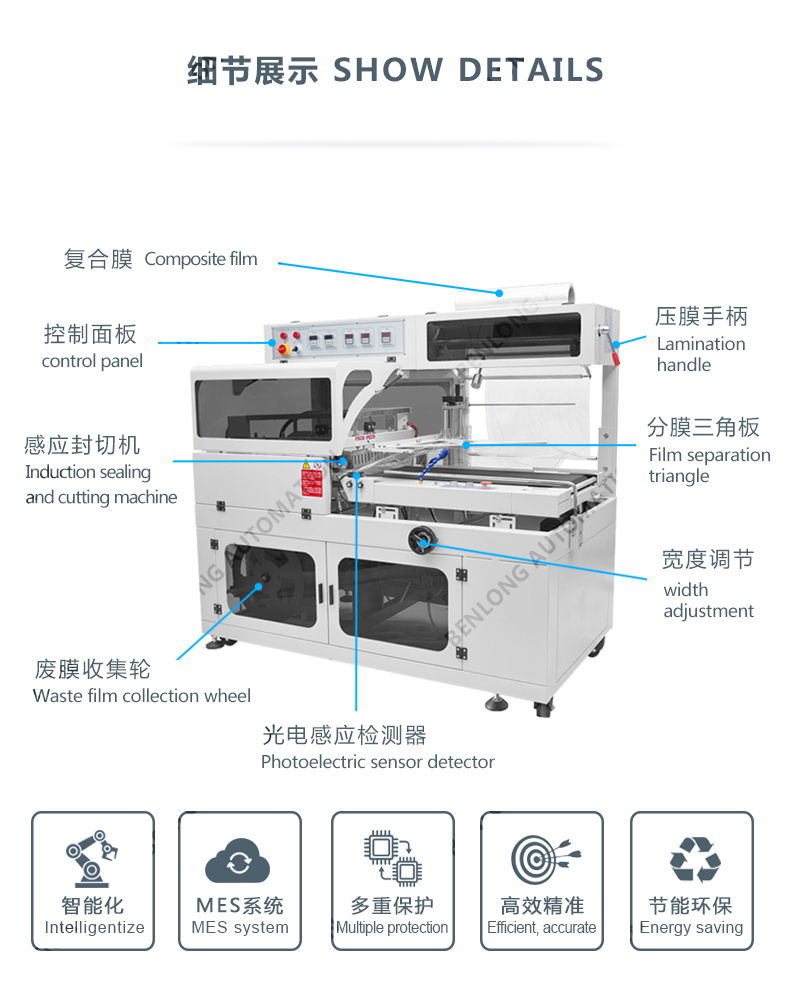 作業(yè)方式:人工放料或配合機(jī)械手自動(dòng)放料,自動(dòng)感應(yīng),自動(dòng)封切。
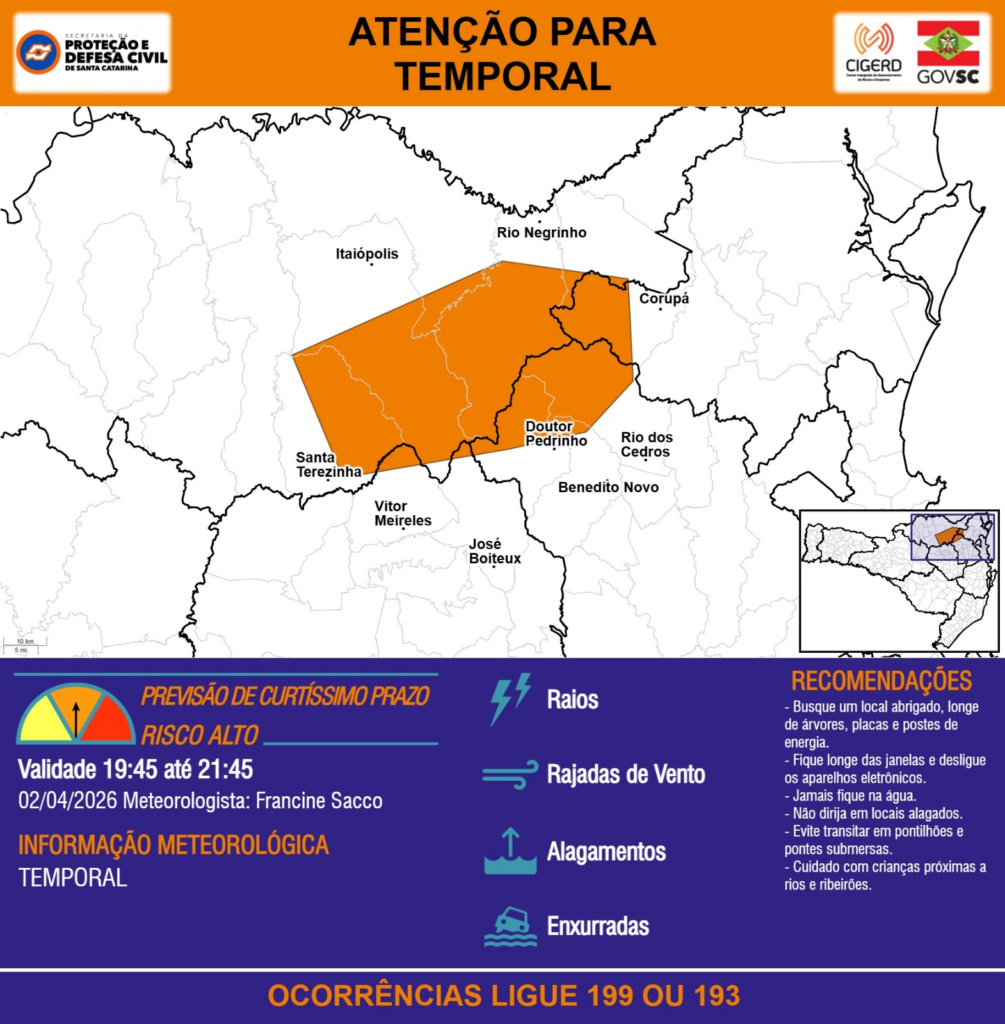 ATENÇÃO – 02/04 19:45 – TEMPORAL com RAIOS, RAJADAS DE VENTO, ALAGAMENTOS e risco de ENXURRADAS para as regiões do Planalto Norte, Litoral Norte, Médio e Alto Vale do Itajaí nas próximas 2 horas. Ocorrências ligue 199 ou 193.
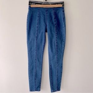 Guess waistband logo denim leggings. Size “S”. Very stretchy and flattering with seam going down middle (front and back).

━━━━━━━━━━━━━━━━━━━━━━━━━━━━━━

Description of the task: Output the listing above exactly as it stands; no picture should appear.

Answer box:
 作業(yè)方式:人工放料或配合機(jī)械手自動(dòng)放料,自動(dòng)感應(yīng),自動(dòng)封切。
 ATENÇÃO – 02/04 19:45 – TEMPORAL com RAIOS, RAJADAS DE VENTO, ALAGAMENTOS e risco de ENXURRADAS para as regiões do Planalto Norte, Litoral Norte, Médio e Alto Vale do Itajaí nas próximas 2 horas. Ocorrências ligue 199 ou 193.
 Guess waistband logo denim leggings. Size “S”. Very stretchy and flattering with seam going down middle (front and back).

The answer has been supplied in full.